Leave the images out and write out each entry exactly as shown.
------ Entries shown ------
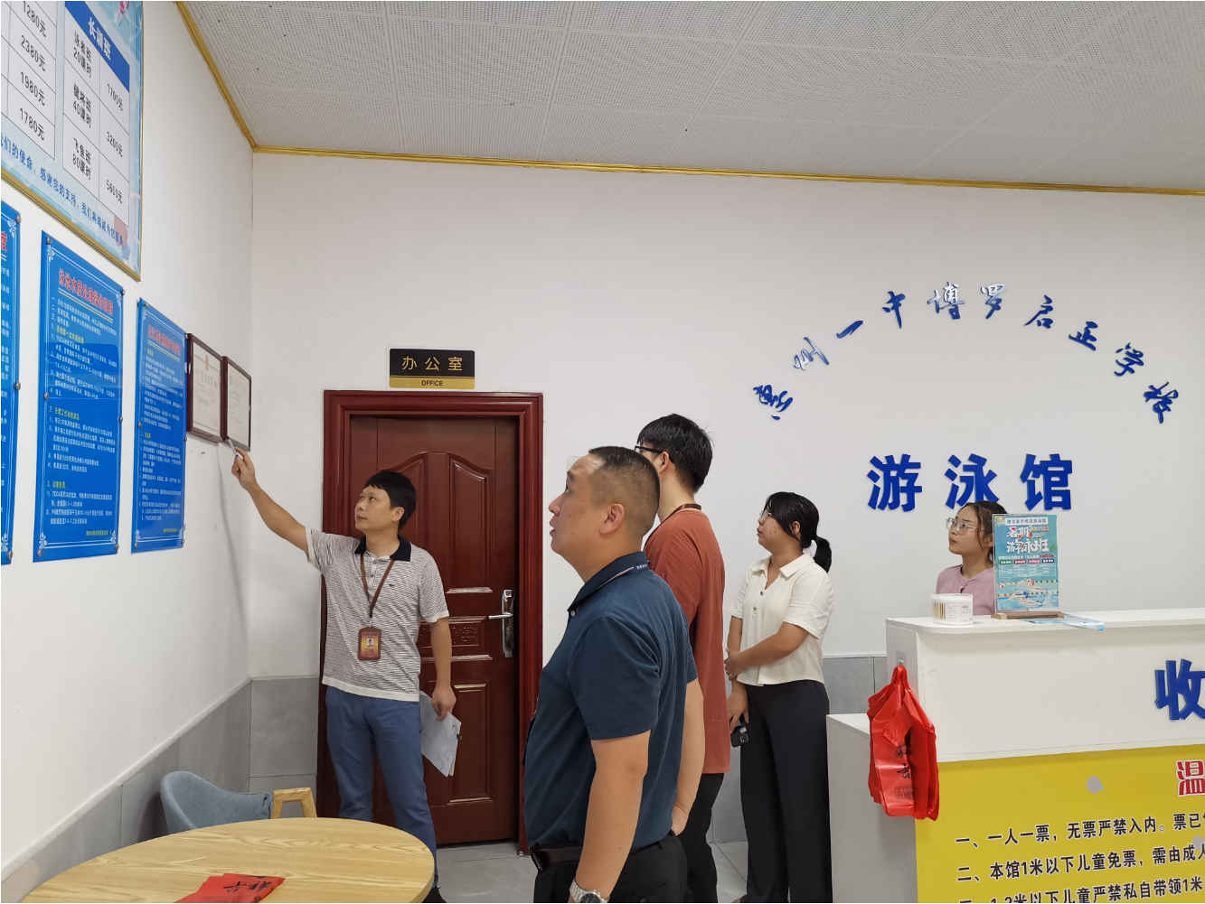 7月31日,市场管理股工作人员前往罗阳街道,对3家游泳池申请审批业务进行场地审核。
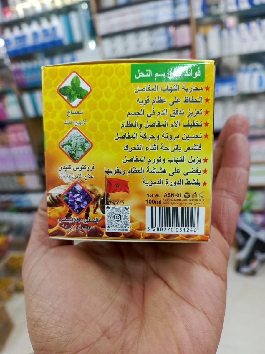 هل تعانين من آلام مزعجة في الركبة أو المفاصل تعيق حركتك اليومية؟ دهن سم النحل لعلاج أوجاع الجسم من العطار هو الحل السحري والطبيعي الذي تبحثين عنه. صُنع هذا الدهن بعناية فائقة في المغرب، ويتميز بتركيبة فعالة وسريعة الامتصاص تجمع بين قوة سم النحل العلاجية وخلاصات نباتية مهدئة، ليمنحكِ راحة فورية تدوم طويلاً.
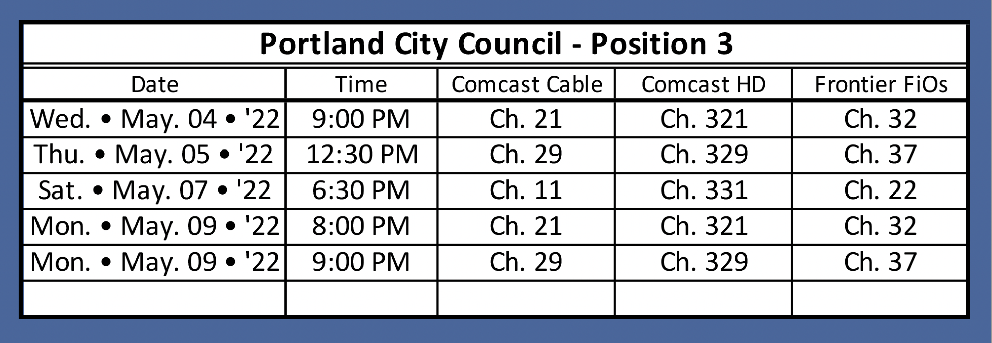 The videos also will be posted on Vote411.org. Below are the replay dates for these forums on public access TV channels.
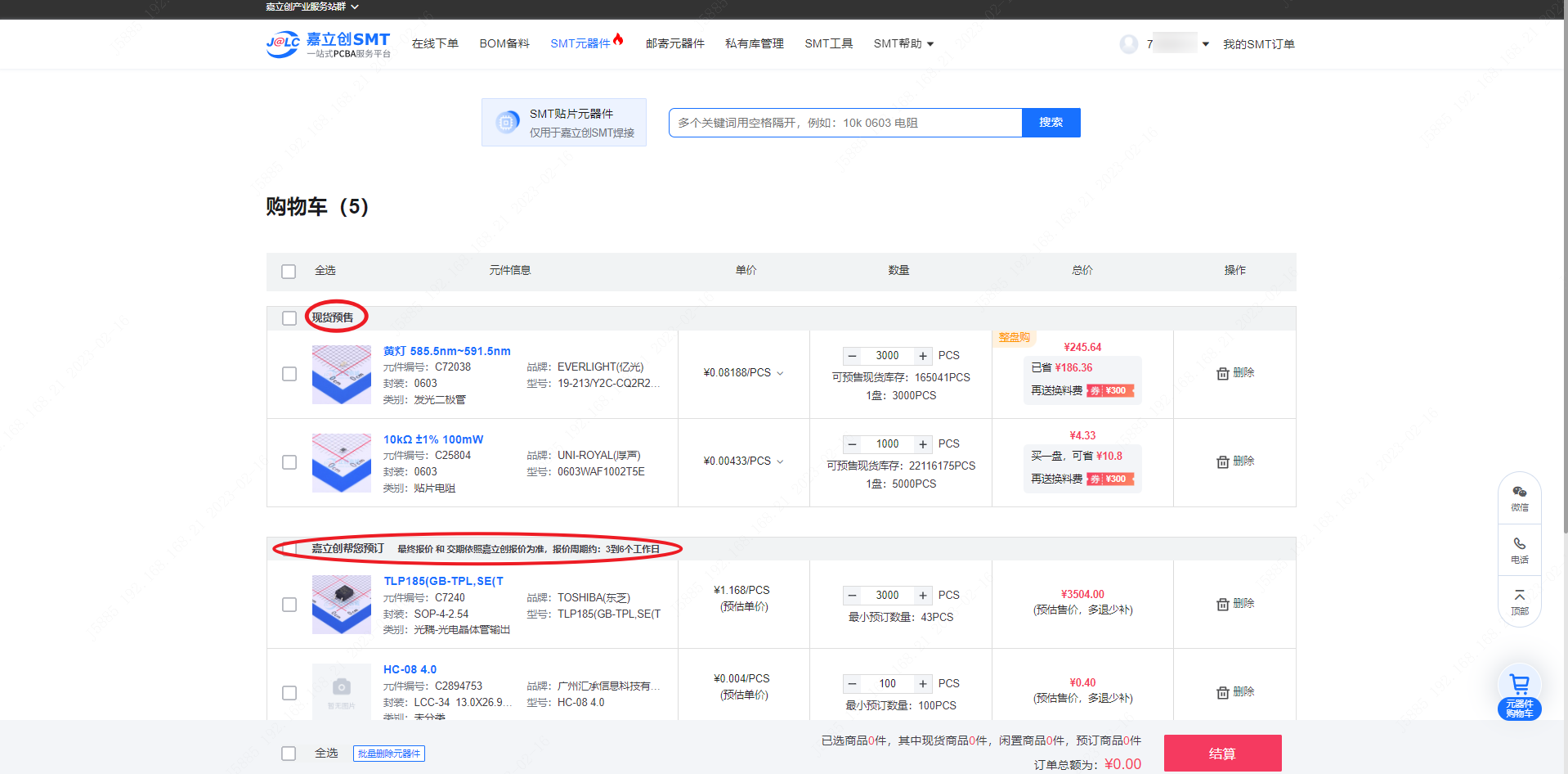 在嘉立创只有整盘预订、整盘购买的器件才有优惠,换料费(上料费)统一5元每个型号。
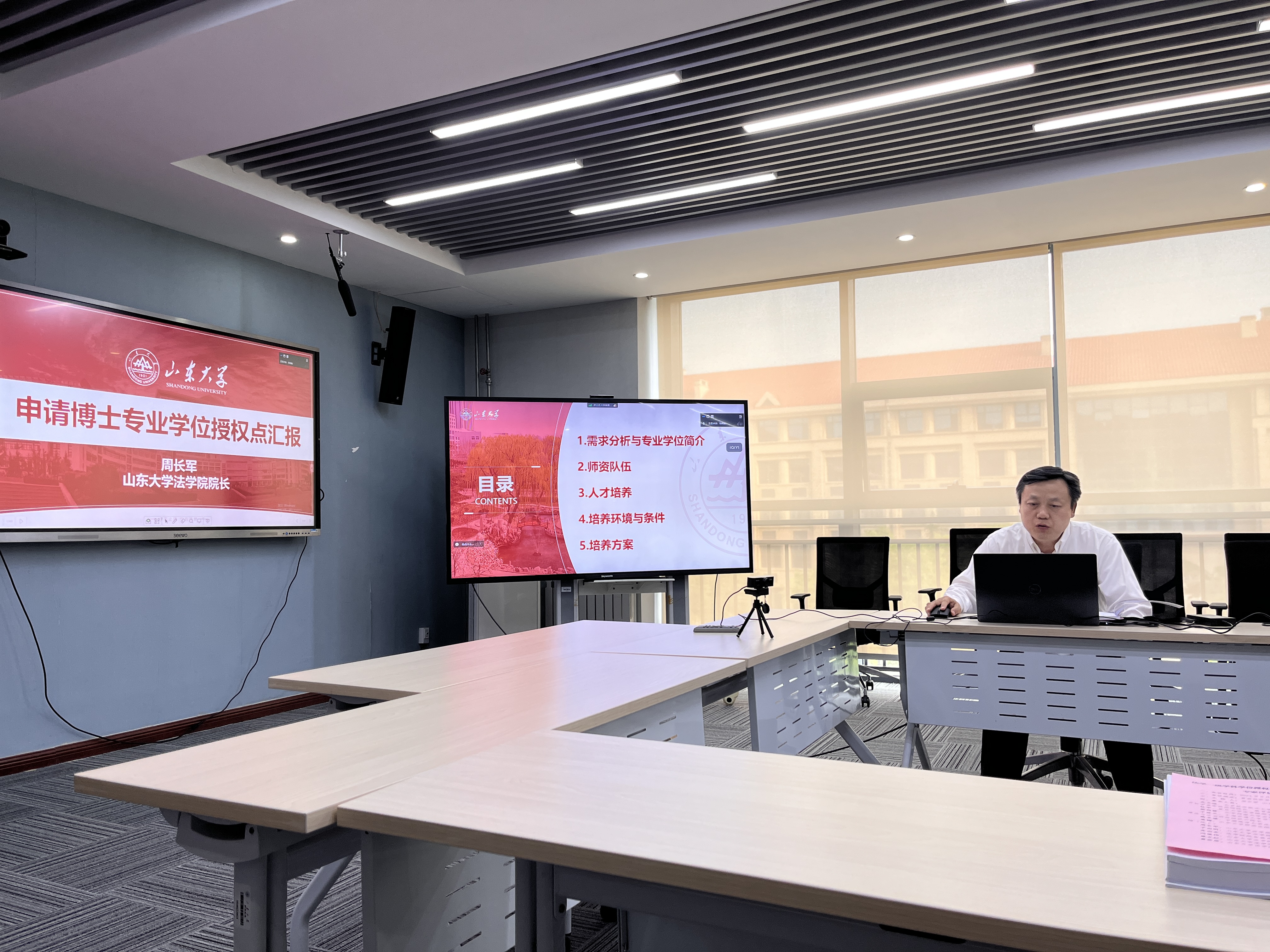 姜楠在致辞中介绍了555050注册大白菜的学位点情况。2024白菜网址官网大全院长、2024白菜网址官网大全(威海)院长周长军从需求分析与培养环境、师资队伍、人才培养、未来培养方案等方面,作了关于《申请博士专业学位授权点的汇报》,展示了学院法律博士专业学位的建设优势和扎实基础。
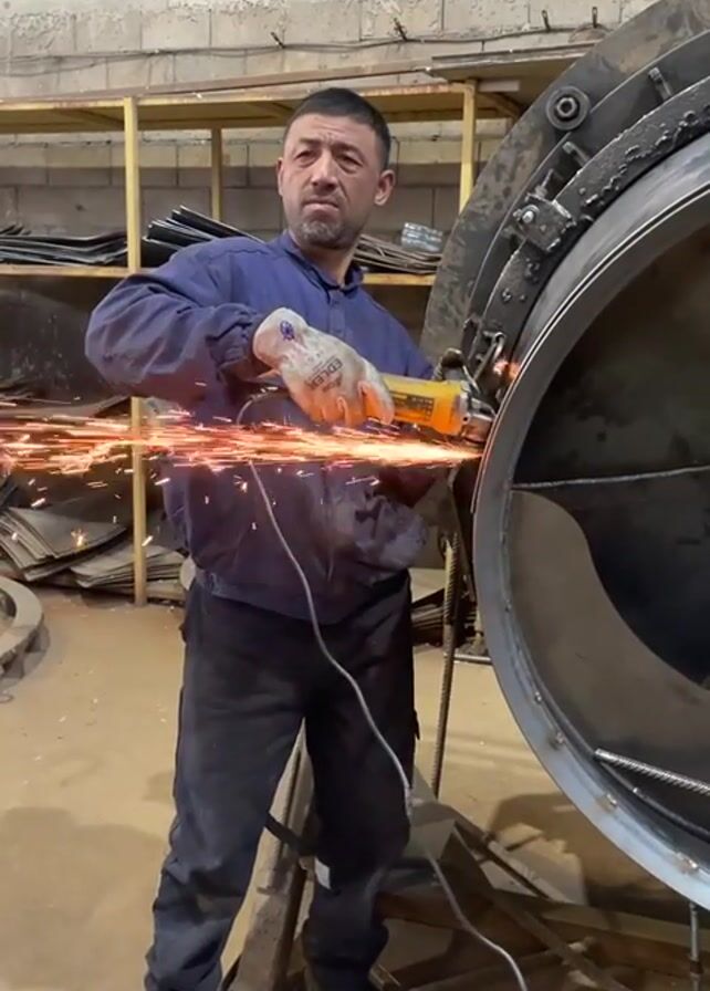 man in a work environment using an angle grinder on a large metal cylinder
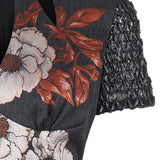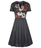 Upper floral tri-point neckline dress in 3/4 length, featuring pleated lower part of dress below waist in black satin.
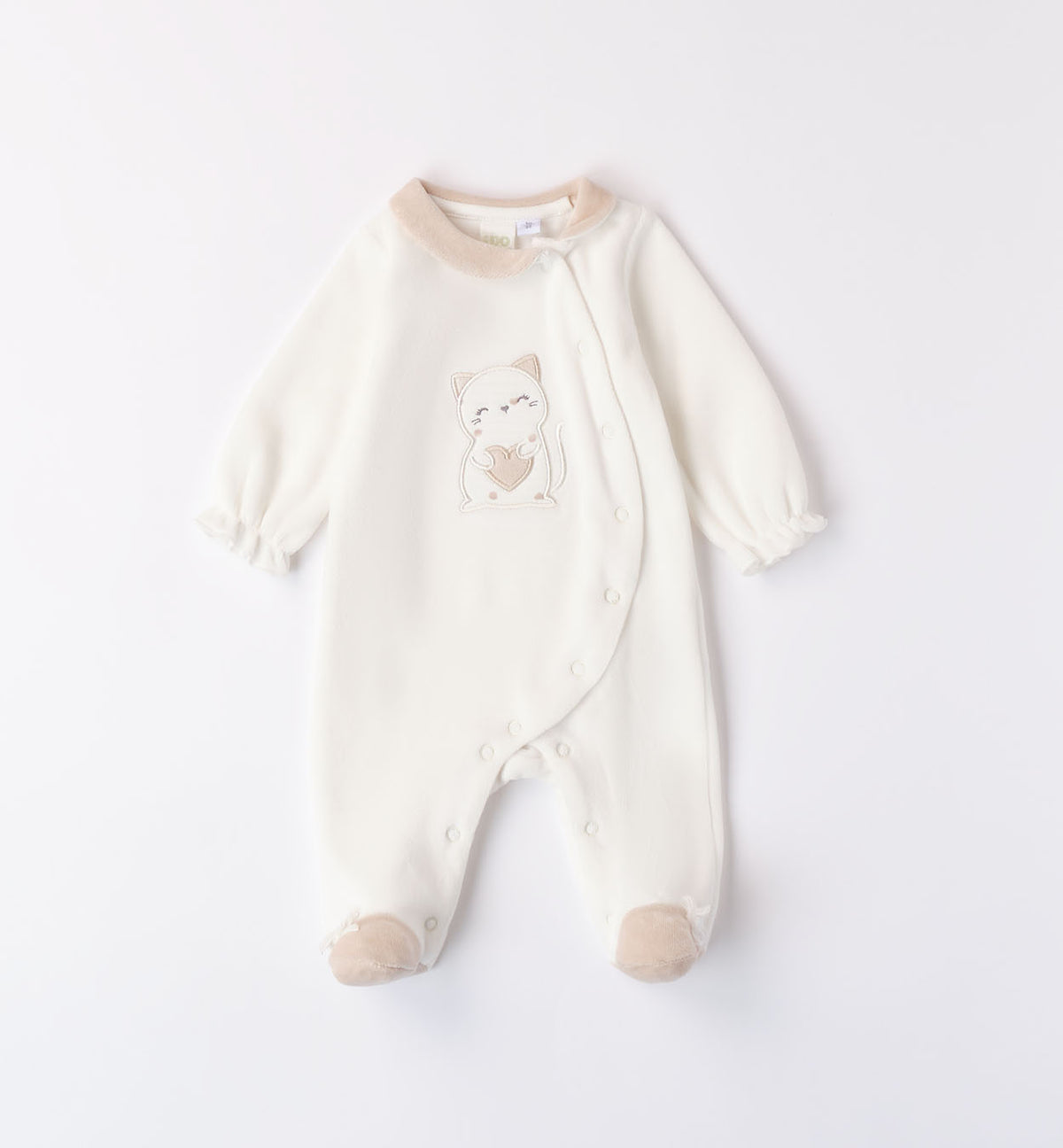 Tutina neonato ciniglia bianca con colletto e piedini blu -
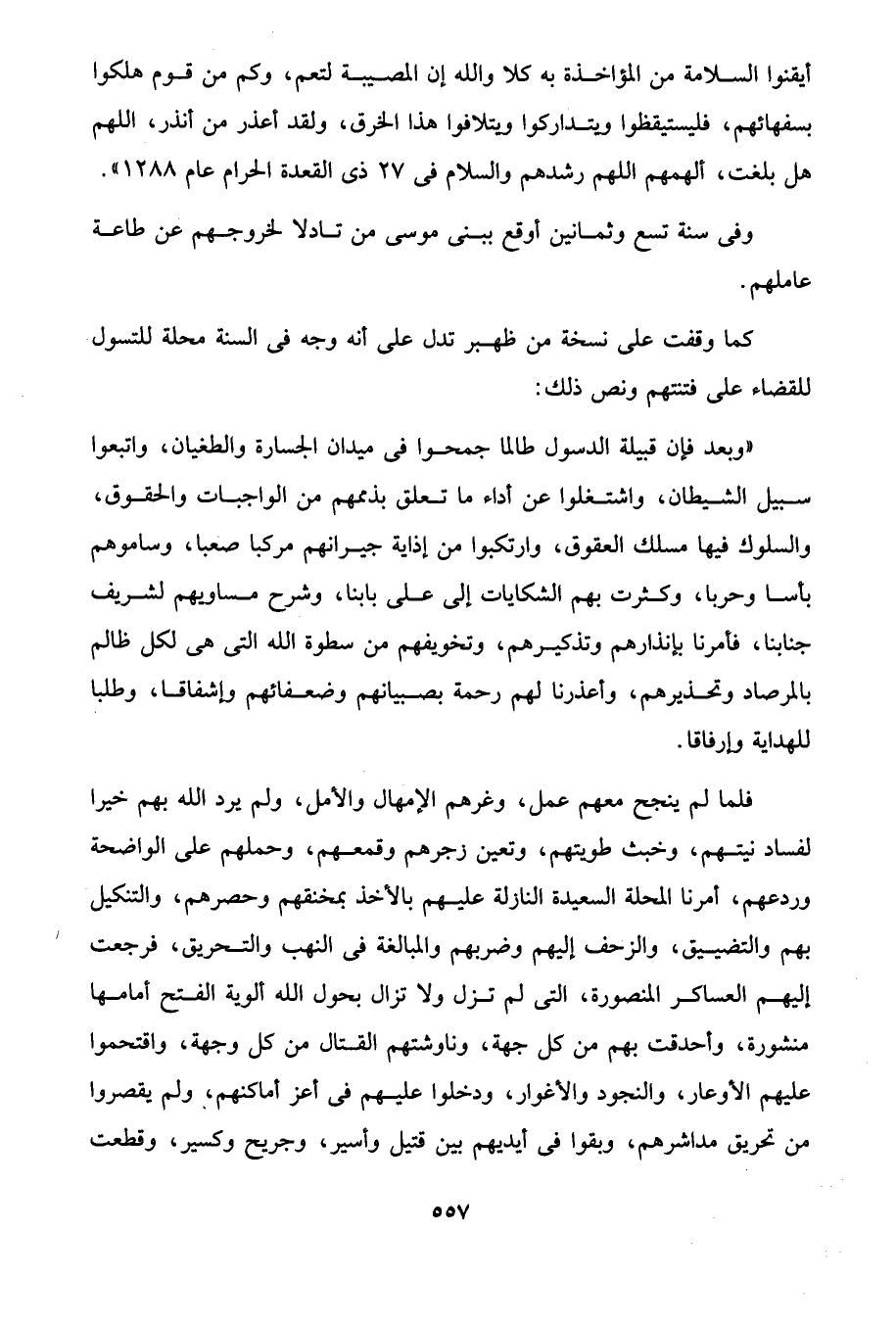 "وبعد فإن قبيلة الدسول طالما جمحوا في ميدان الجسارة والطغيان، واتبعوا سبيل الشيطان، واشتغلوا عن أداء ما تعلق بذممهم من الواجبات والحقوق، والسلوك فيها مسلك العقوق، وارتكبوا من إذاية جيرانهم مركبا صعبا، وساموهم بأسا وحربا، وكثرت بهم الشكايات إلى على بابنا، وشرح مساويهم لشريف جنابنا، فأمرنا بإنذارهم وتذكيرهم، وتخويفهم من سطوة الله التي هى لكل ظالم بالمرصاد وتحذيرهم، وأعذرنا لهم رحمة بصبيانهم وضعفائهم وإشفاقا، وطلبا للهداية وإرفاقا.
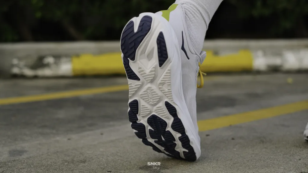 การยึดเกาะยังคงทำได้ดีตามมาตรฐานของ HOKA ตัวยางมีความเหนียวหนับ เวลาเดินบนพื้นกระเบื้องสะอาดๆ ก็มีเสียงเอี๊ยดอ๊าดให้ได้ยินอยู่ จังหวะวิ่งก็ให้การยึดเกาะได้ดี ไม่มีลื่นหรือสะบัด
------
__Solution to the problem__:
 7月31日,市场管理股工作人员前往罗阳街道,对3家游泳池申请审批业务进行场地审核。
 هل تعانين من آلام مزعجة في الركبة أو المفاصل تعيق حركتك اليومية؟ دهن سم النحل لعلاج أوجاع الجسم من العطار هو الحل السحري والطبيعي الذي تبحثين عنه. صُنع هذا الدهن بعناية فائقة في المغرب، ويتميز بتركيبة فعالة وسريعة الامتصاص تجمع بين قوة سم النحل العلاجية وخلاصات نباتية مهدئة، ليمنحكِ راحة فورية تدوم طويلاً.
 The videos also will be posted on Vote411.org. Below are the replay dates for these forums on public access TV channels.
 在嘉立创只有整盘预订、整盘购买的器件才有优惠,换料费(上料费)统一5元每个型号。
 姜楠在致辞中介绍了555050注册大白菜的学位点情况。2024白菜网址官网大全院长、2024白菜网址官网大全(威海)院长周长军从需求分析与培养环境、师资队伍、人才培养、未来培养方案等方面,作了关于《申请博士专业学位授权点的汇报》,展示了学院法律博士专业学位的建设优势和扎实基础。
 man in a work environment using an angle grinder on a large metal cylinder
 Upper floral tri-point neckline dress in 3/4 length, featuring pleated lower part of dress below waist in black satin.
 Tutina neonato ciniglia bianca con colletto e piedini blu -
 "وبعد فإن قبيلة الدسول طالما جمحوا في ميدان الجسارة والطغيان، واتبعوا سبيل الشيطان، واشتغلوا عن أداء ما تعلق بذممهم من الواجبات والحقوق، والسلوك فيها مسلك العقوق، وارتكبوا من إذاية جيرانهم مركبا صعبا، وساموهم بأسا وحربا، وكثرت بهم الشكايات إلى على بابنا، وشرح مساويهم لشريف جنابنا، فأمرنا بإنذارهم وتذكيرهم، وتخويفهم من سطوة الله التي هى لكل ظالم بالمرصاد وتحذيرهم، وأعذرنا لهم رحمة بصبيانهم وضعفائهم وإشفاقا، وطلبا للهداية وإرفاقا.
 การยึดเกาะยังคงทำได้ดีตามมาตรฐานของ HOKA ตัวยางมีความเหนียวหนับ เวลาเดินบนพื้นกระเบื้องสะอาดๆ ก็มีเสียงเอี๊ยดอ๊าดให้ได้ยินอยู่ จังหวะวิ่งก็ให้การยึดเกาะได้ดี ไม่มีลื่นหรือสะบัด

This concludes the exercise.